Scientists are launching a study designed to make or break the hypothesis that Alzheimer’s is caused by a sticky substance called beta-amyloid. The study will give an experimental anti-amyloid drug to people as young as 18 who have gene mutations that often cause Alzheimer’s to appear in their 30s or 40s.
The study comes after several experimental drugs have failed to prevent declines in memory and thinking even though they succeeded in removing amyloid from the brains of patients in the early stages of Alzheimer’s.
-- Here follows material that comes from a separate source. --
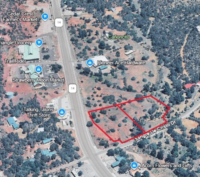 Commercial land opportunity just off North 14 in Cedar Crest, NM. Lots A-3 (+/-1.37 acres) and A-4 (+/-1.50 acres) are offered together for a combined +/-2.87 acres and are zoned C-1. Part of lot is positioned along the main commercial corridor serving the East Mountain area with steady commuter traffic to and from Albuquerque. The site supports a range of retail, office, medical, restaurant, and service uses. Ample acreage allows for efficient site design, parking, and building layout after addressing drainage requirements. Verification of access to utilities will be the responsibility of the buyer. Look at photos for flood map.

Those failures have eroded support for the idea that amyloid is responsible for a cascade of events that eventually lead to the death of brain cells.
“Many of us think of that as the ultimate test of the amyloid hypothesis,” says Dr. Randall Bateman, a professor of neurology at Washington University School of Medicine in St. Louis.”If that doesn’t work, nothing will work.”
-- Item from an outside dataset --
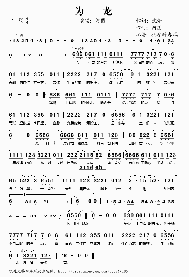 为龙(河图)原版 有试听 钢琴双手简谱 钢琴谱简谱

The new experiment, called the DIAN-TU primary Prevention Trial, is scheduled to begin enrolling patients by the end of the year.
An Alzheimer’s explanation with a history
The amyloid hypothesis can be traced to Dr. Alois Alzheimer, a pathologist who first described the disease that would bear his name in 1906.
Alzheimer was working at a psychiatric clinic in Munich, where he had the chance to conduct an autopsy on a woman who died at 50 after experiencing memory loss, disorientation, and hallucinations. He observed that the woman’s brain had an “unusual disease of the cerebral cortex,” including “senile plaque” usually seen in much older people.
In the 1980s, scientists showed that these plaques were made of beta-amyloid, a substance that exists in many forms in the brain, from single free-floating molecules to large assemblies that form the sticky plaques reported by Alzheimer.
Since that discovery, most efforts to treat Alzheimer’s have involved drugs that target various forms of amyloid. And that approach still makes sense, Bateman says.
“We have 30 years of solid data, thousands of studies that all say this is sufficient to cause Alzheimer’s,” he says.
But doubts about the amyloid hypothesis have been rising as the list of drug failures has grown in the past decade.
For example, Bateman and a team of researchers were unable to halt Alzheimer’s in a study of patients who got the anti-amyloid drug gantenerumab.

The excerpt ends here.